Quite often, when I came in from my classes at Anglia Ruskin, my books would be on the floor. The one I usually found six feet from my little bookcase was Literary Theory: An Anthology, 1336 pages long, weighing as much as a carrier bag full of sand. If it had slipped off the shelf, it wouldn’t have bounced cheerfully across the carpet for such a distance. But it did, repeatedly, and only while I was out.

This didn’t worry me. My half-serious theory was that some disembodied visitor objected to the cover art – a Victorian surgeon contemplating an inappropriately alluring female corpse – so I’d apologise out loud and place the book back on the shelf. The ‘rearrangements’ kept happening, but they weren’t distressing. I wasn’t expecting a one-to-one audience with a full-body apparition.

As it happened, the afternoon I saw her, I wasn’t alone. My dad had come over from Ipswich to visit, and we were out in the yard. He was subjecting my bike to a bit of no-nonsense-Navy-engineer maintenance. He wanted me to cycle back and forth from classes, but I’m a ditherer, and cycling in a city seems like just another way for me to end up in hospital.

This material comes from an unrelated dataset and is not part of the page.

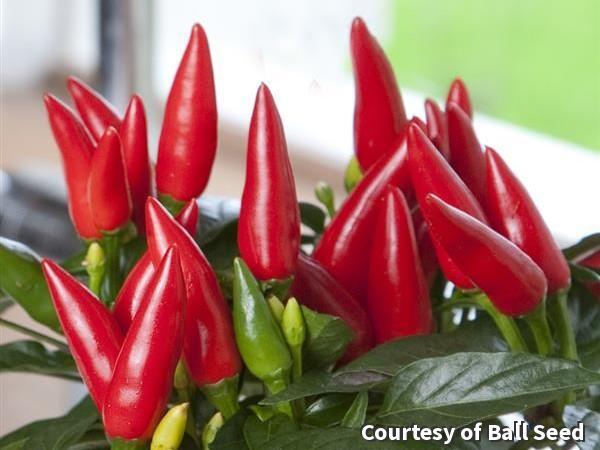 This pint-sized pepper plant is perfect for a windowsill with decorative, upright, conical peppers and small foliage. Spicy fruit ripens from green to bright red and is great for adding to a stir-fry.

My bike had lain dormant for months under a plastic sheet, and dad was grappling with it in the small bike shelter as I loitered a few feet away by the steps leading down to the men’s basement flats.

I don’t know what made me turn around. But when I did, I was facing a young woman holding a tray. Her muscles were in the process of dropping the tray – a kind of frozen flinch – because I’d startled her. Which, I suppose, was natural, as she was a maid in a long blue dress and apron and I was a six-foot vision of the future in drainpipe jeans and smeared eyeliner. She was solid, around five-feet-seven, dark-haired, and her uniform was similar to this unnamed girl’s on the right.

I registered all this within the space of two seconds. There wasn’t time to speak. She was gone. She didn’t disintegrate, or fade, or even just wink out. I can only say that she simply wasn’t there any more.

Rather than the ice-crystals-in-the-blood shock so many people in Peter Ackroyd’s book reported after meeting with ghosts, I felt guilty. I wasn’t frightened, but she most definitely was. I think she must have dropped her tray, whenever the connection faltered and she found herself alone. I turned back to dad, who was still engrossed in my flat tires, and never mentioned the girl to him.

In The English Ghost, Peter Ackroyd describes the categories of hauntings: the conscious souls of the dead, the replaying of actions, nature spirits, omens good or bad… but I believe my ghost wasn’t a ghost at all. I think there was a glitch in time; a window allowing us to see each other. Perhaps the moving books were a symptom of whatever quantum hiccup was focused on the house. It’s fun to speculate, and I especially like the possibility that maybe, just over 100 years ago, a parlour maid rushed back into the scullery after breaking a trayful of china, and told her friends about me – the girl in the yard.

* There’s still time, Peter, if you’re reading this.